In this time of global recession, one wonders if those in the funeral industry are likewise feeling a pinch in their profits. From the report below, it seems not:
Revenue in the American funeral industry will grow 1.2 percent this year, to $20.7 billion, estimates Toon van Beeck, a senior industry analyst at IBISWorld, the research firm. That’s down from a 2 percent gain last year — but, hey, it’s still growth when companies in other industries are reporting double-digit losses.

Americans may be living longer than ever, but the reality of a graying nation is stark. The annual death rate of about 2.5 million has been rising about 1 percent a year, and is expected to spike in the early 2020s as older baby boomers reach their mid-70s.

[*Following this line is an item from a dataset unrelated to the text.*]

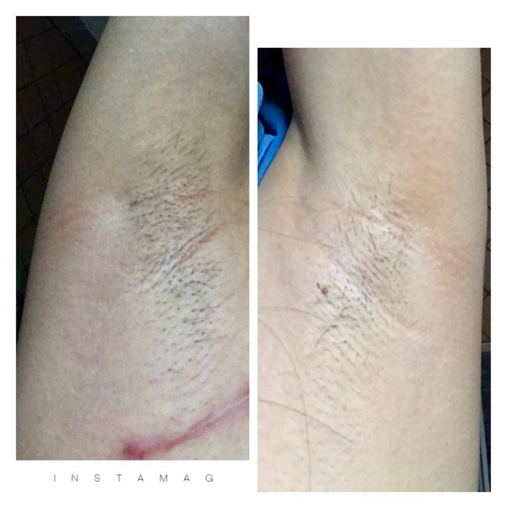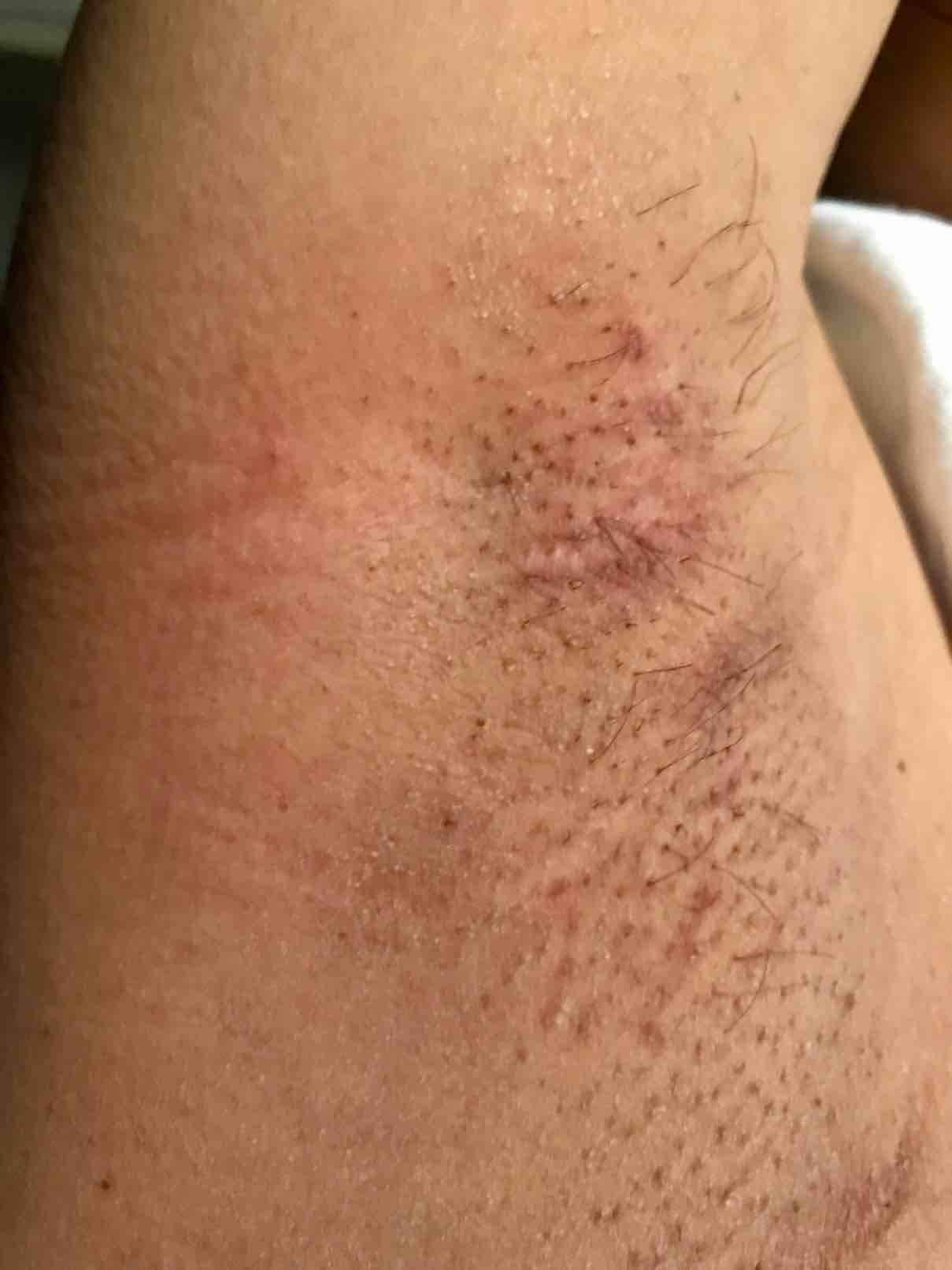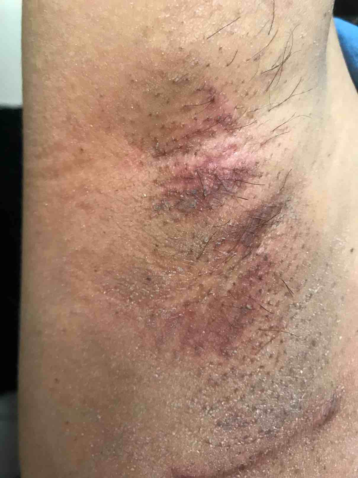 腋下开始变色发黑,从皱褶处开始。左右两边腋下的对比图。手臂内侧也开始灼红。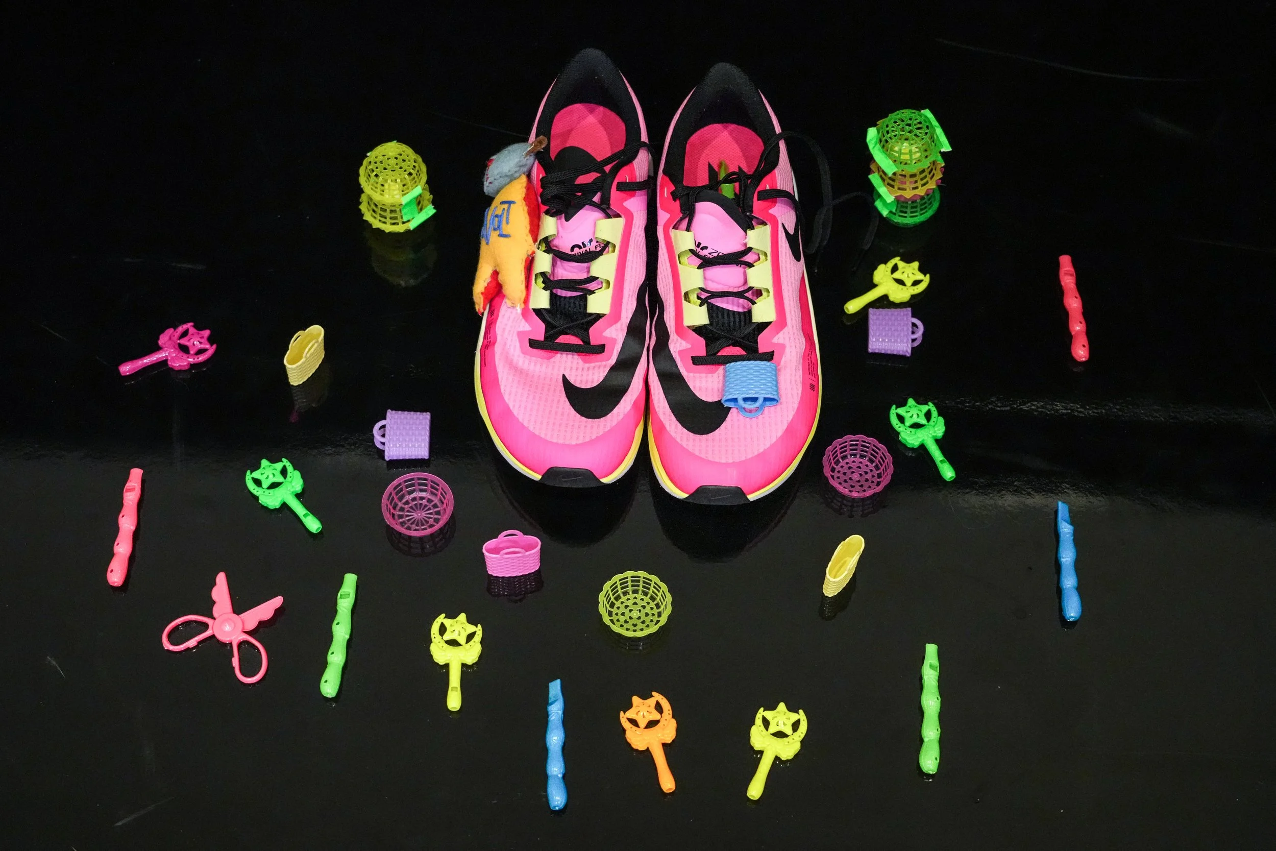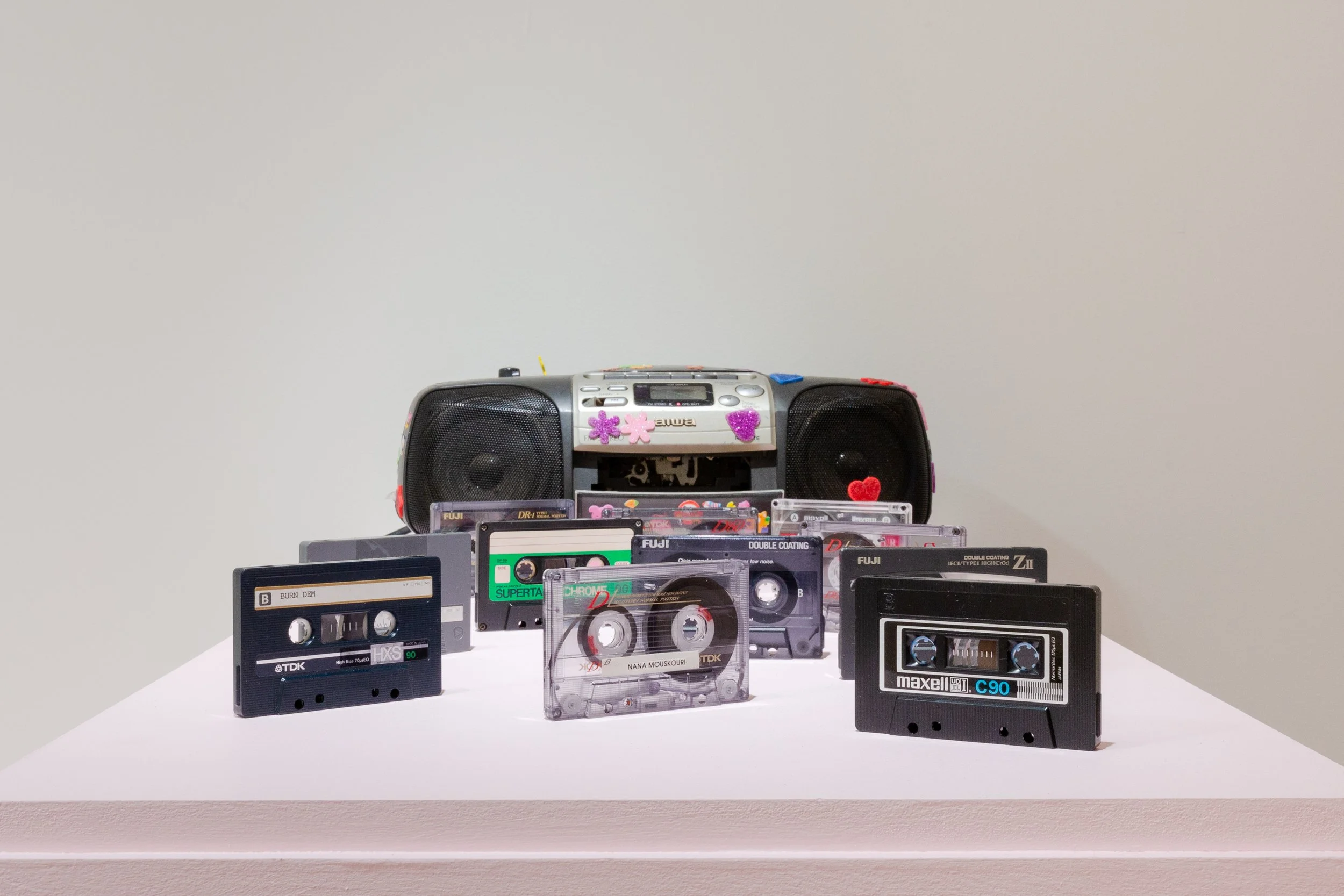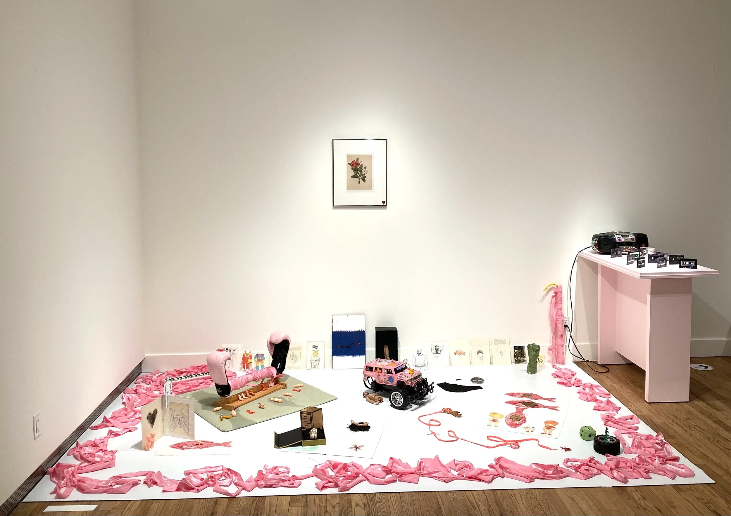 Materials: Boxing gloves, plastic dolls, paper dolls, plastic toys, gyotaku prints, melodica, pressed flowers, botanical prints, cardboard boxes, remote-control car, paper drawings, carved wooden hands, loose pages from the book Identity: Youth and Crisis by Erik H. Erikson, laces, paper drawings and collage, satin fabric, vintage postcards, cassettes, boombox, human hair.

Nevertheless, the death industry is facing something of an existential crisis. Cremation, which can reduce costs by half or more, is a strong trend. (The average cost of a funeral and traditional burial is about $8,000.) Families are increasingly abandoning traditional religious funerals, which are typically organized by funeral directors, in favor of secular ceremonies they may arrange themselves. Natural burials, which avoid embalming and concrete burial vaults, are more commonly considered than they once were, while a minority of families are bypassing funeral homes altogether to take care of their dead themselves.
[NYTimes, 18 April 2009]

In the Philippines, more and more rich and well-to-do families are also opting for cremation instead of the old-fashioned getting buried six feet under.

Everyone dies. No one can escape death. We are all captured markets of the funeral industry. But the choice and decision to become a big spender as a form of last hurrah usually depends on those who are left behind. In this aspect, the argument is divided among those who want it simple and those who want it as grand as possible.

Me? I want it as simple as possible. Spending mucho is for the living. The dead will never know or feel the flamboyance and elaborate nature of his funeral.